6 Réalisation de gouttières thermoformées souples ou fines rigides dans les cas de faible hauteur coronaire, pour assurer une meilleure rétention. Il a été montré qu’il n’est pas nécessaire de réaliser des réservoirs (fig. 9). Ils ont tendance à déstabiliser la gouttière et à augmenter le risque d’inflammation gingivale [20, 21]. Par ailleurs, il n’est pas nécessaire de découper la gouttière selon le collet des dents (fig. 10).
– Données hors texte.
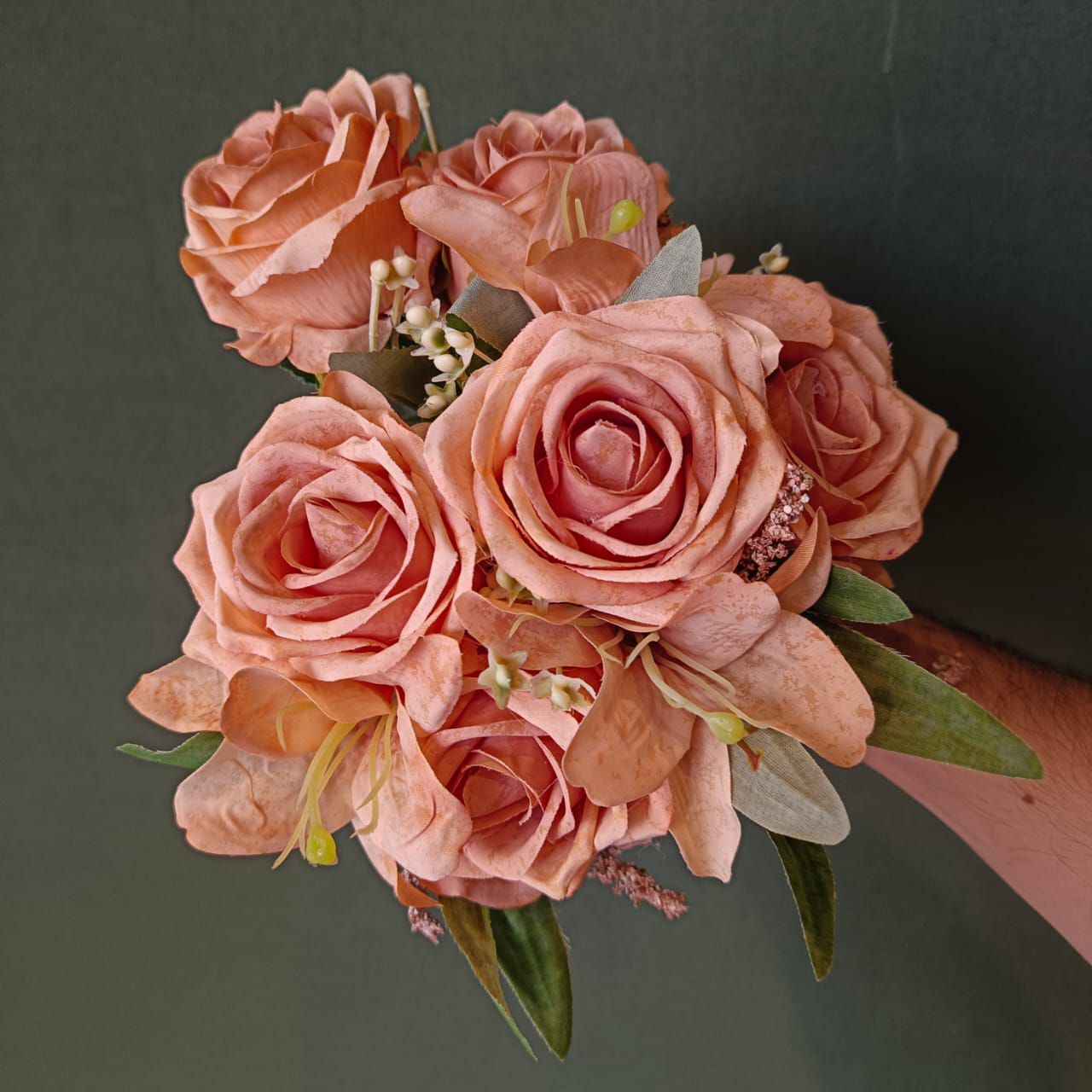 BUQUÊ ROSA E LIRIO C/9 29CM - CHÁ - 128677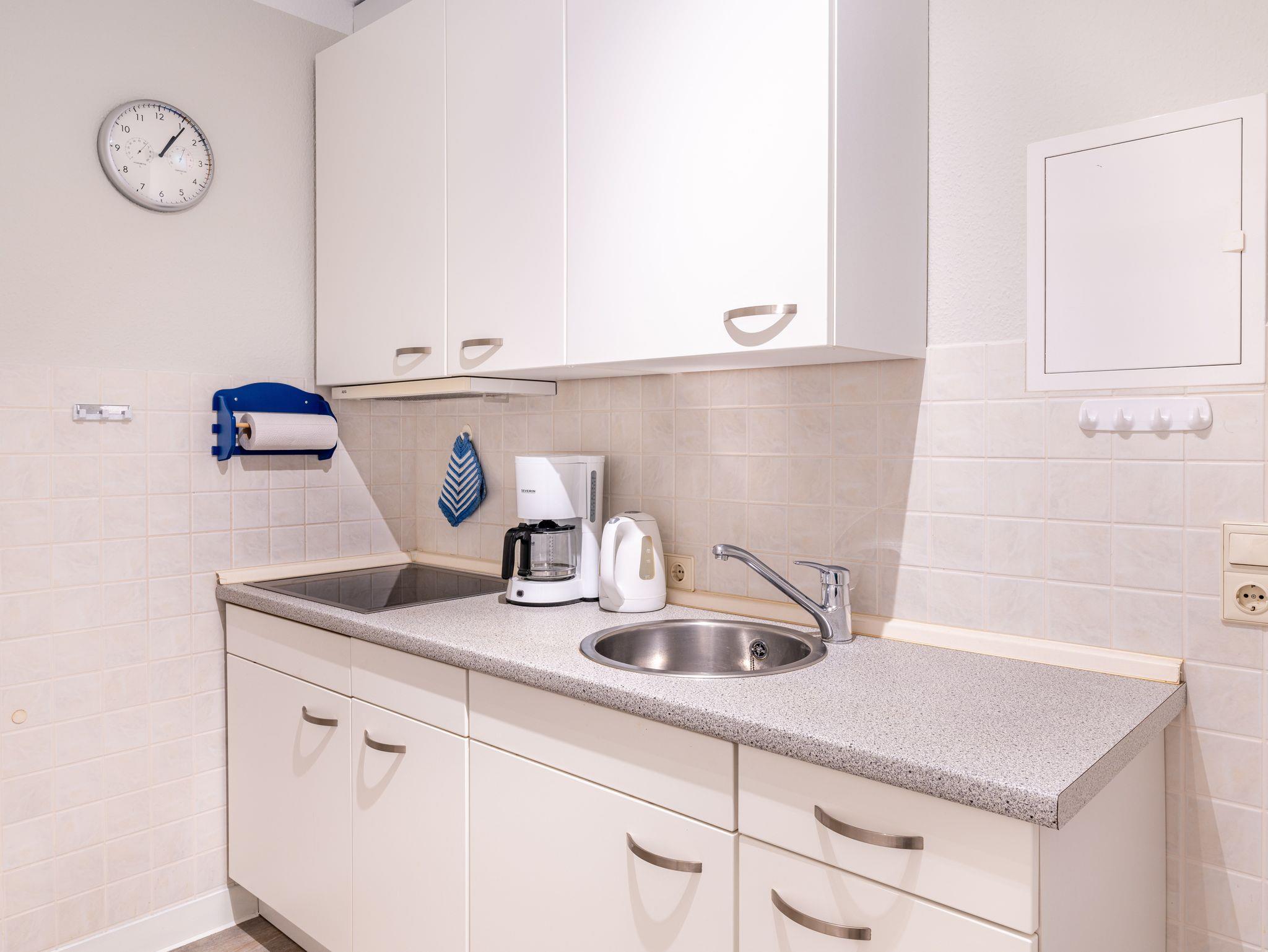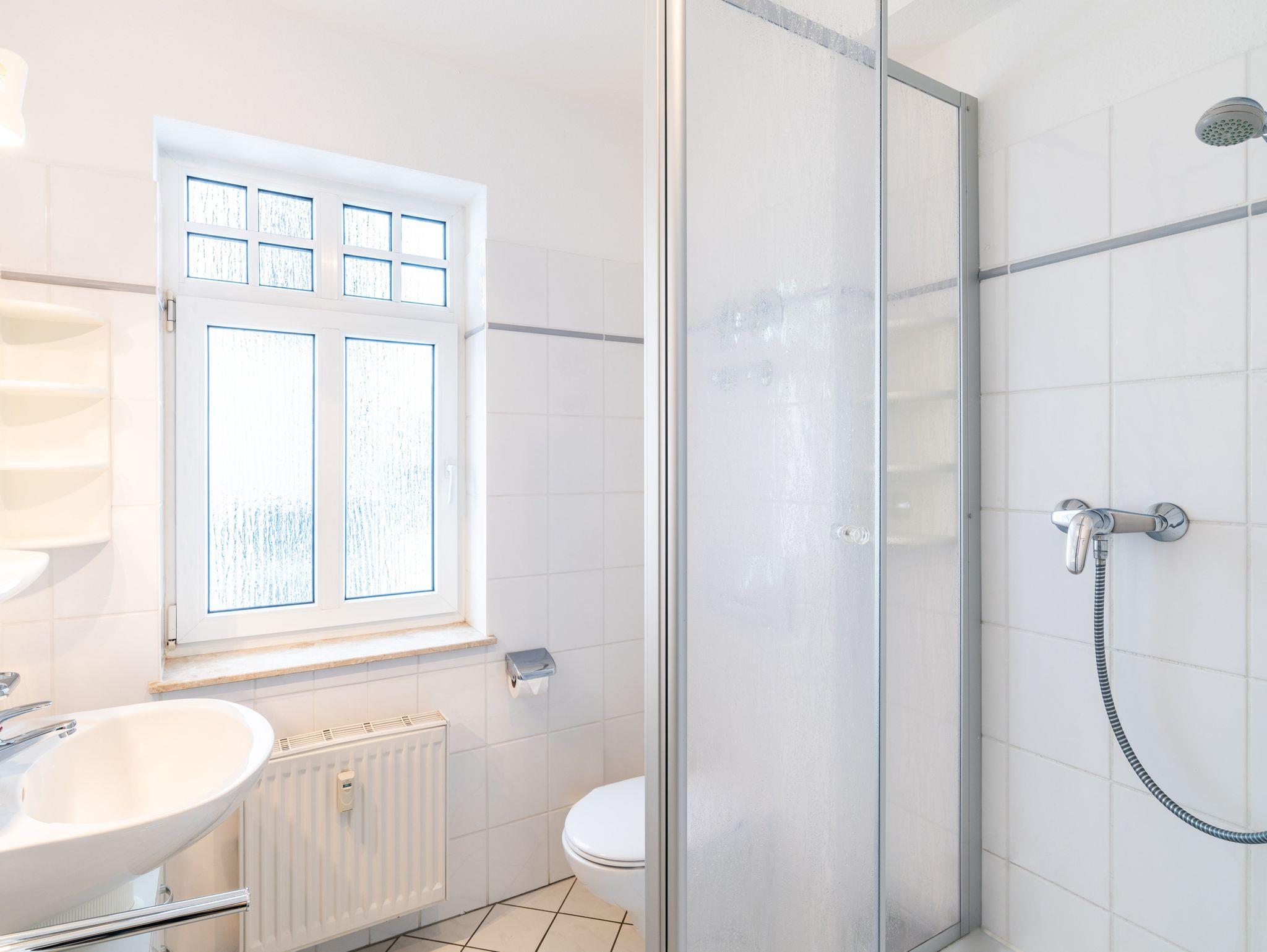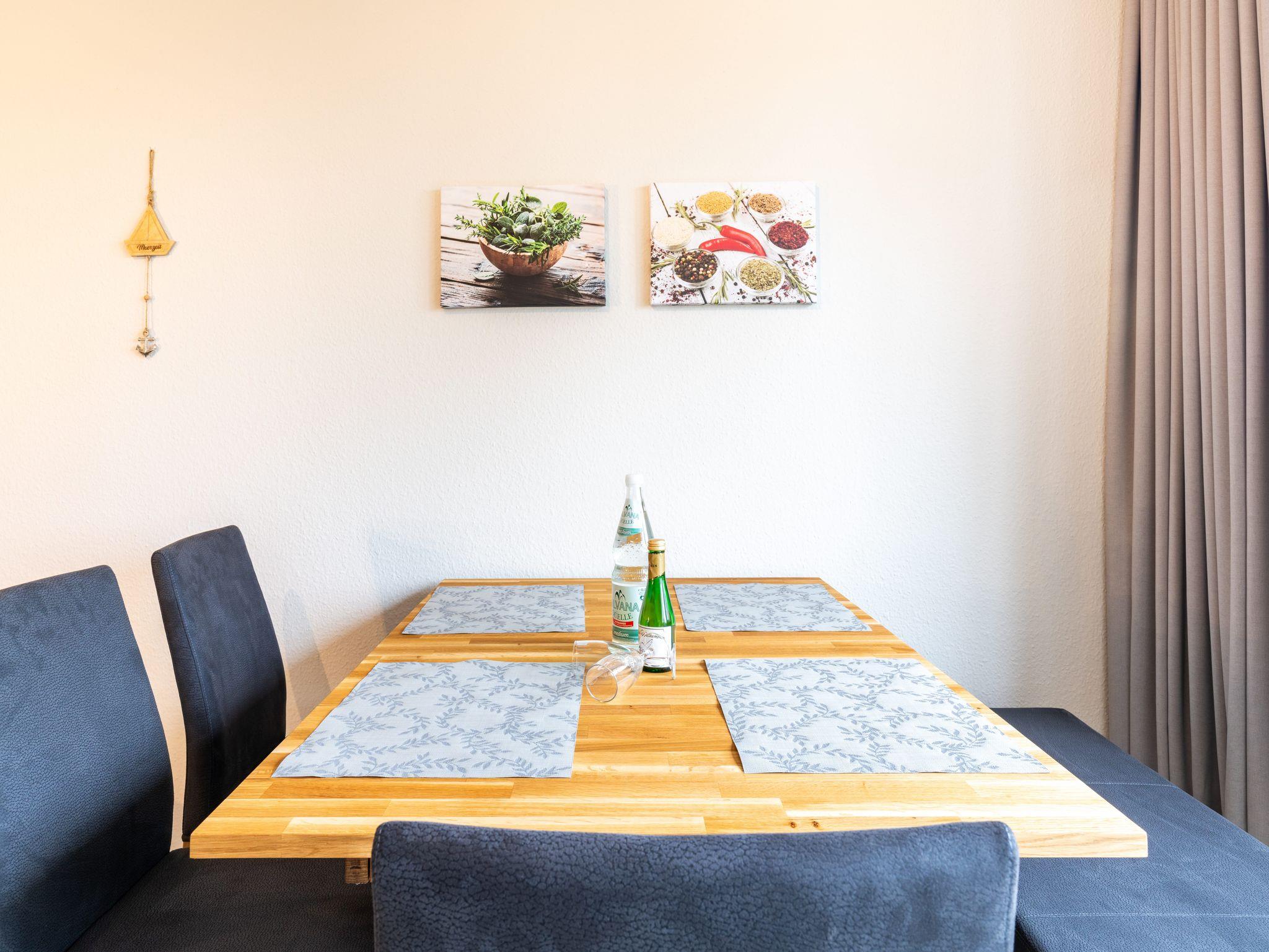Die 46 qm große Wohnung befindet sich im ersten Obergeschoss und ist für drei Personen ausgestattet. Die Wohnung verfügt über ein separates Schlafzimmer mit Doppelbett und Sitzgelegenheit, ein geräumiges Wohnzimmer mit Schlafcouch und einem Essplatz. Die kleine Küchenzeile ist mit Kühlschrank, Herd u.v.m. ausgestattet. Bad mit Dusche und WC.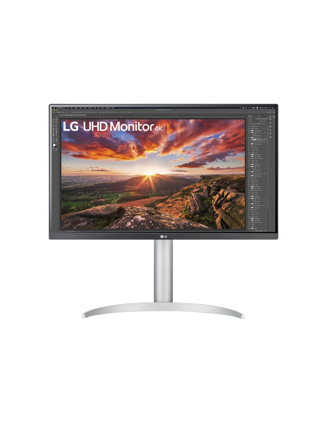 LG 27UP850K-W.AEU monitor. Dimensioni diagonale schermo: 68,6 cm (27"), Risoluzione del display: 3840 x 2160 Pixel, Tipologia HD: 4K Ultra HD, Tecnologia display: LED, Tempo di risposta: 5 ms, Rapporto d'aspetto nativo: 16:9, Angolo di visualizzazione (orizzontale): 178°, Angolo di visualizzazione (verticale): 178°. Altoparlanti incorporati. Montaggio standard VESA, Regolazione altezza. Colore del prodotto: Nero

7 Séance d’essai des gouttières, de remise des produits (fig. 11) et de démonstration au fauteuil. Cette séance est obligatoire selon la législation européenne. Les conseils sont les suivants :
- après le brossage, mettre une goutte de produit dans l’intrados de chaque dent, au niveau de la face vestibulaire ;
- mise en place des gouttières ;
- lors du retrait des gouttières, les rincer à l’eau froide et les frotter avec la brosse à dent. Les stocker dans une boîte à prothèse ouverte ;
- au niveau de l’alimentation, il a été montré que la consommation d’aliments ou de boissons colorées (thé, café, etc.) ne diminuait pas l’efficacité du traitement. Il est cependant intéressant de suggérer la diminution de la consommation de ceux-ci pour ralentir la récidive ;
- si des taches blanches apparaissent pendant le traitement, il ne faut pas s’inquiéter. Elles sont réversibles et disparaîtront au bout de quelques semaines.
8 Séance de contrôle et photos postopératoires.
L’éclaircissement dentaire selon le protocole de Haywood est une technique simple, efficace, avec un rapport coût/bénéfice/sécurité très favorable. L’utilisation d’une solution de peroxyde de carbamide à pH neutre, contenant une solution désensibilisante, et d’une solution de reminéralisation en fin de traitement est conseillée. Y associer quelques conseils simples à donner au patient permet de proposer ces traitements d’éclaircissement avec un risque d’effets adverses maîtrisé et un confort optimal pour le patient et, donc, pour le praticien.